FAQ: Data Science Bootcamps

For the past two years, I’ve been mentoring aspiring data scientists through Springboard’s Data Science Career Track Prep course. I myself graduated from Springboard’s Career Track program back in 2017, so I know firsthand how intimidating it can be to try and rebrand yourself as a data scientist without a traditional degree.

I’ve noticed my mentees often have the same questions as their peers concerning the data science industry and the bootcamp track they’ve chosen. I’m compiling a list of these FAQ’s for all aspiring data scientists who are considering a bootcamp or just want my take on breaking into this field.

What advice do you have about searching for my first job?

I highly recommend that your first job as a data scientist (or data analyst) is at an organization large enough to already have a data team in place. You’ll need a mentor—either informally attached or formally assigned—in those first few years, and that sexy itty-bitty start-up you found on AngelList isn’t going to provide that to you.

I also advise that you read the job descriptions very closely. The title of “data scientist” can carry some prestige so companies will slap it on roles that aren’t actually responsible for any real data science.

Even if you think the job description outlines the kind of role you’re interested in, ask lots of probing questions in the interview around the day-to-day responsibilities of the job and the structure of the team.

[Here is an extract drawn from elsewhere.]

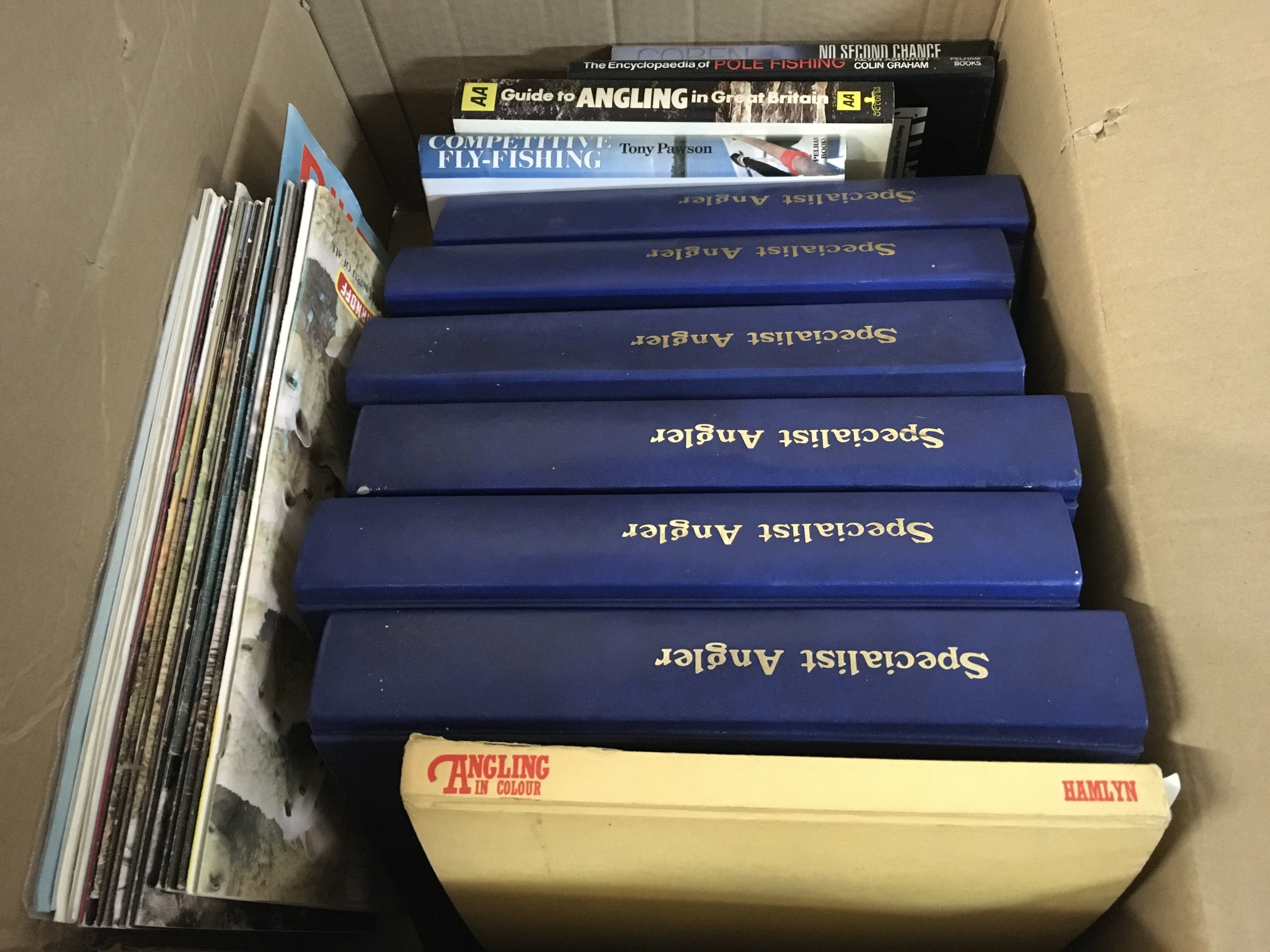 Fishing books including the specialist Anglia bound volumes including the sort after volume 3, Angling in colour by Hamlyn, vintage pike and rainbow runner magazines etc

You need to understand what you’re agreeing to.

Some suggested questions:

    • What do you expect someone in this role to achieve in the first 30 days? The first 90?

    • What attributes do you think are necessary for someone to be successful in this role?

    • How do you measure this role’s impact on the organization?

    • How large is the team and what is the seniority level of the team members?

    • Is your codebase in R or Python?

Don’t be afraid to really dig deep in these conversations. Companies appreciate candidates who ask thoughtful questions about the role, and demonstrating that you’re a results-oriented go-getter will separate you from the pack.

What’s the work/life balance like for data scientists?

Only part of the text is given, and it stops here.